● WORK INSTRUCTION
Lines from the opening of the material through the line containing "Dans ce contexte, nous" must be duplicated word for word. Pictures are not.

● DATA RECORDS
........

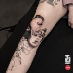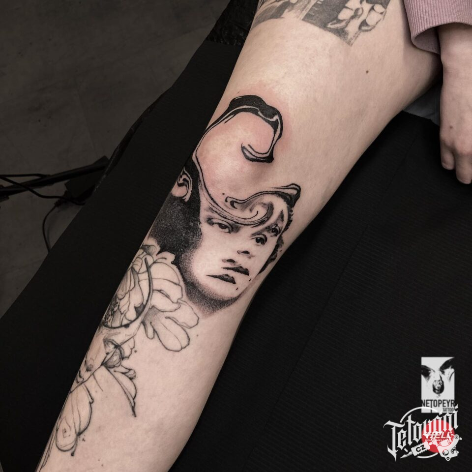 Tetování portrét, květiny na předloktí
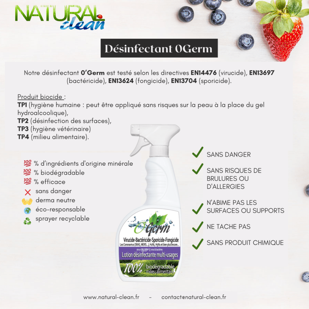 Dans ce contexte, nous avons fait la connaissance de Natural Clean, une toute jeune entreprise française qui commercialise une gamme de produits ménagers 100% minéral pour le particulier et l’industriel : Clean100 (marque allemande). Nous avons testé son produit phare : le désinfectant O’Germ 100 % minéral qui concilie efficacité et respect environnemental. Nous l’avons testé sur différentes surfaces, notamment les poignées de portes, les bureaux, les chaises… Le résultat est très satisfaisant, il ne se rince pas, peut être utilisé sur les surfaces alimentaires, ne laisse pas de pellicule grasse, il est sans parfum et surtout sans danger pour la santé et la planète !
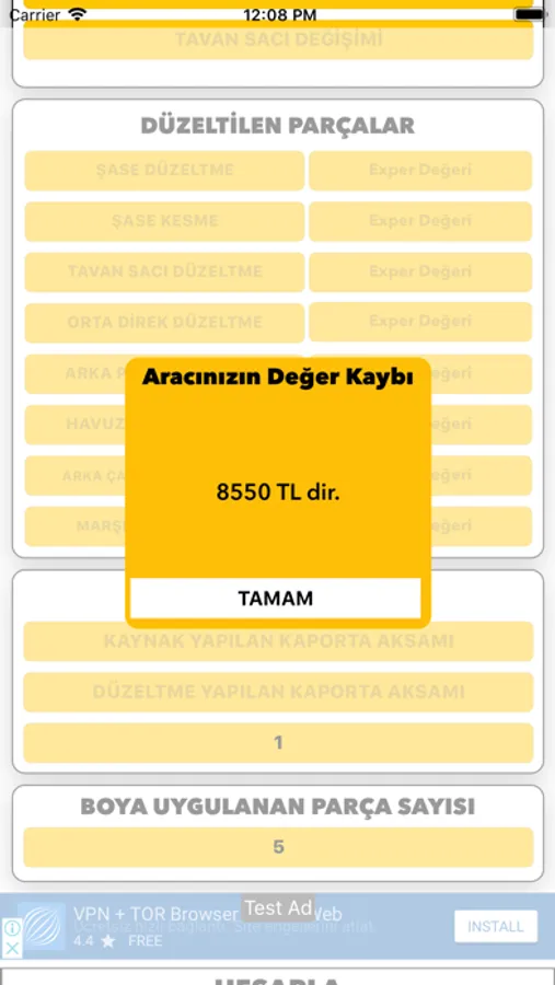 Araç Değer Kaybı Mobil Uygulaması, kazaya karışan aracınız için sigorta şirketinden ya da karşı tarafdan tahmini olarak ne kadar değer kaybı tazminatı talebinde bulunabileceğniz konusunda hesaplama yaparak size bilgi verir.
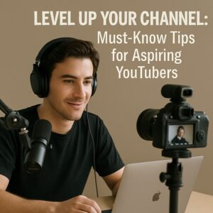 Caption: An aspiring YouTuber records a video, sharing essential tips for channel growth and success.
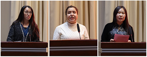 教育学部张新颜作为授课教师代表发言,民丰县民富小学教师海热古丽·穆萨、于田县第一幼儿园党支部书记沈玉萍分别分享了参训感受和收获。
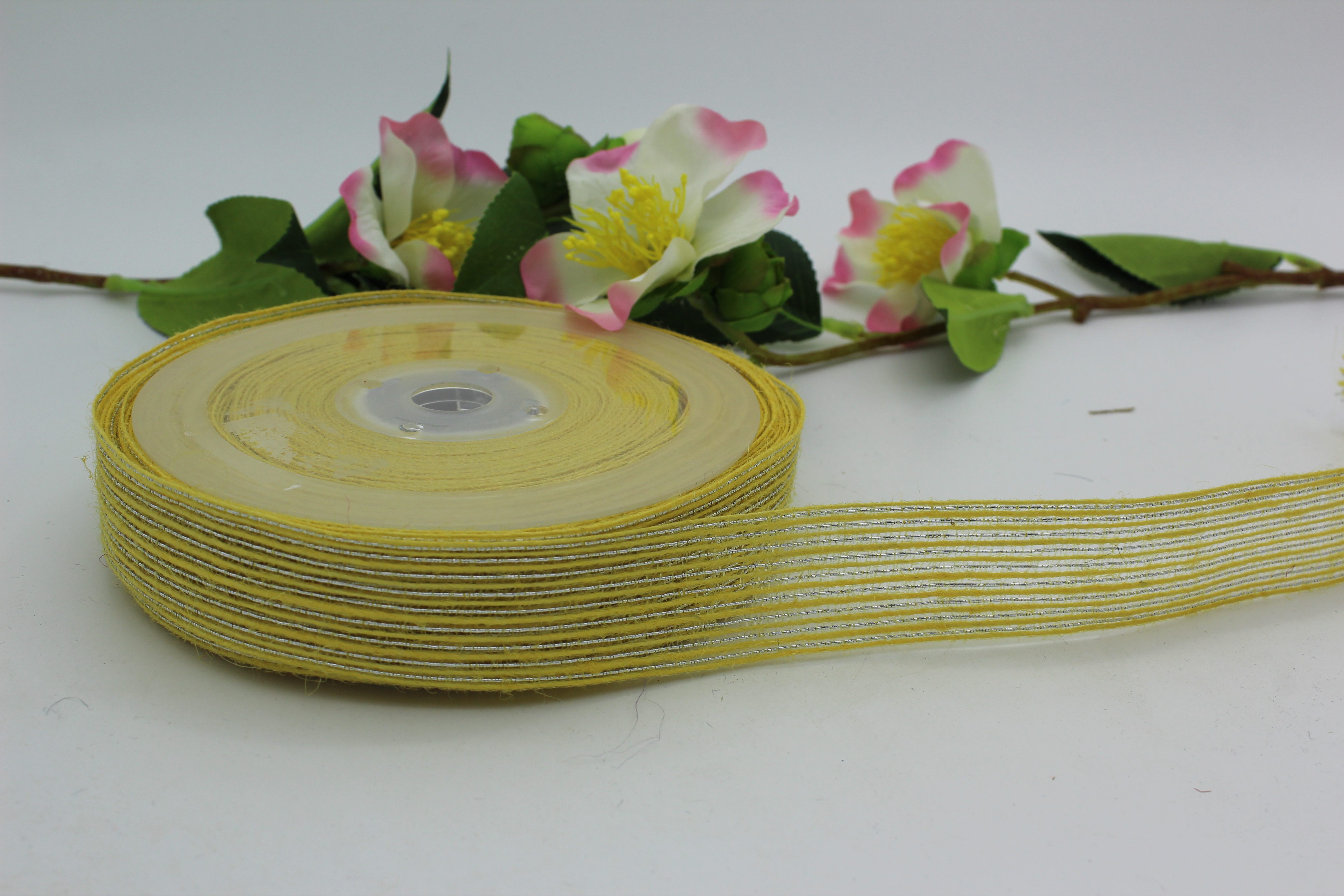 Лента мешковина с серебрянным люриксом 2,5 см жёлтая
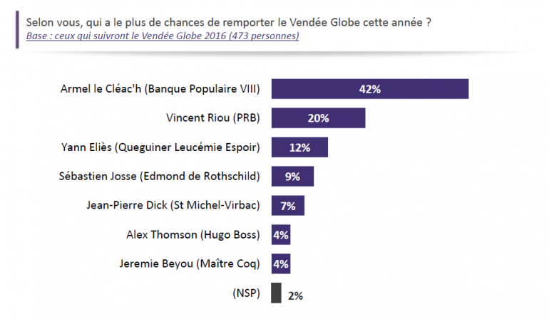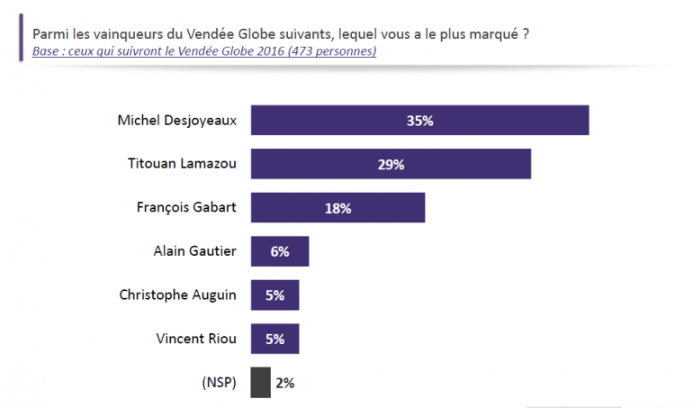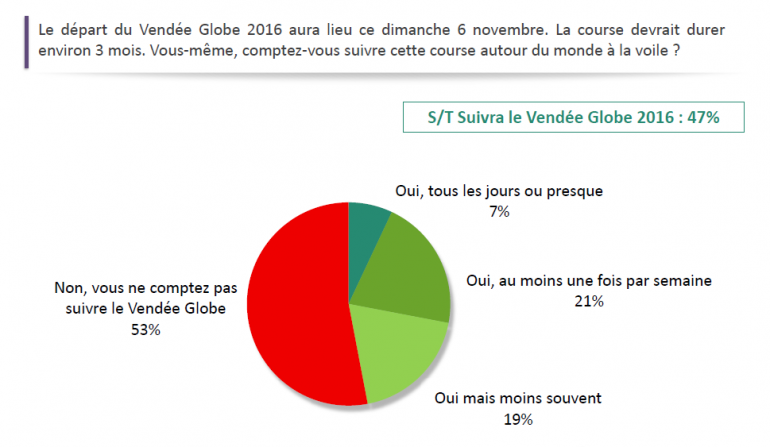 Sur 50 millions de personnes âgées de plus de 18 ans, ce sont plus de 23 millions qui surveilleront de près ou de loin les résultats de la course. L'intérêt porté au Vendée Globe varie selon les tranches d'âge. Ainsi, 25% des moins de 35 ans assurent qu'ils suivront la course contre 66% des 65 ans et plus. Le Vendée Globe est un rendez-vous incontournable pour beaucoup de Français. En 2016 aura lieu la 8e édition. Michel Desjoyaux, grand nom de ce sport, est celui qui a le plus marqué ceux qui suivent la course (35%). Suivent Titouan Lamazou, le vainqueur du premier Vendée Globe en 1989 (29%), puis le tenant du titre François Gabart (18%).

........

● SOLUTION FOR THIS EXERCISE
 Tetování portrét, květiny na předloktí
 Dans ce contexte, nous avons fait la connaissance de Natural Clean, une toute jeune entreprise française qui commercialise une gamme de produits ménagers 100% minéral pour le particulier et l’industriel : Clean100 (marque allemande). Nous avons testé son produit phare : le désinfectant O’Germ 100 % minéral qui concilie efficacité et respect environnemental. Nous l’avons testé sur différentes surfaces, notamment les poignées de portes, les bureaux, les chaises… Le résultat est très satisfaisant, il ne se rince pas, peut être utilisé sur les surfaces alimentaires, ne laisse pas de pellicule grasse, il est sans parfum et surtout sans danger pour la santé et la planète !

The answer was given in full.